Recientemente, se vio, una vez más, como el presidente López Obrador levantó la mano de la Jefa de Gobierno. Su apoyo descarado parece una travesura. Y, no lo es. Es una flagrante omisión a su promesa, es una falta grave a sus palabras. Dijo que él jamás intervendría en el proceso electoral, que buscaría una transición democrática y que una vez cumplido su encargo se iría a su rancho. ¿En qué quedamos? La timidísima Dra. Scheinbaum se deja levantar el brazo y ella también lanza al olvido su compromiso de terminar de gobernar la Ciudad de México, tal como se le encargó en los sufragios que la llevaron a ser la gobernante de la capital de la República.

Claudia Scheinbaum es muy olvidadiza. Ya no se acuerda de las promesas que hizo a los afectados por el accidente de la Línea Dorada del Metro, tampoco de las personas que se quedaron sin casa por el desgajamiento del Cerro del Chiquihuite, a lo mejor no recuerda dónde dejó las llaves de su casa o ande muy distraída con sus anhelos presidenciales. Pero, de que hizo promesas, las hizo. De que las olvidó, hay muestras. Basta preguntarle a los afectados.

Claro, a nadie sorprende. Eso es el problema. Estamos tan acostumbrados a que no se honren las palabras, a que lo dicho se vaya volando con el viento, a que olvidemos las promesas y a que la desilusión se haga presente que ya ni siquiera hacemos un esfuerzo para recordarles sus compromisos. Andamos distraídos y ese es el problema. Nos olvidamos de lo que dijeron y ese es su escudo. Nuestra falta de memoria. Pero, podría ser diferente.

Podríamos pedirles que recuerden.

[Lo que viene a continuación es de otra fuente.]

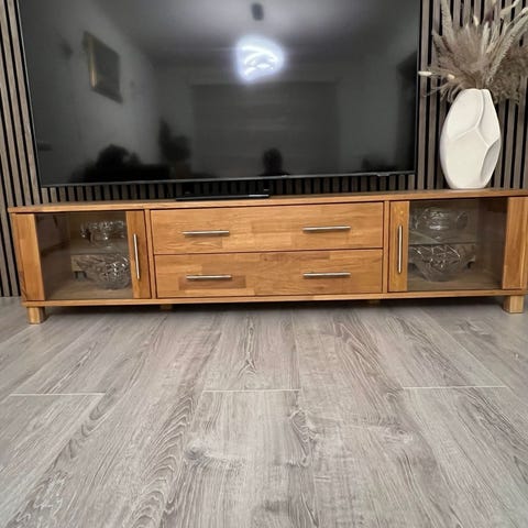 Meget pen tv-benk med god plass. 2 skap og 2 skuffer

Podríamos exigirles que cumplan. Y esa exigencia no se hace sólo con los altos políticos. Podríamos recordar nuestros propios compromisos y honrarlos, los de nuestros hijos, los de nuestros seres queridos. Ser memoria y educar en el compromiso. Honrar la palabra no debe ser costumbre de otros tiempos, debiera ser una seña de identidad, una marca personal.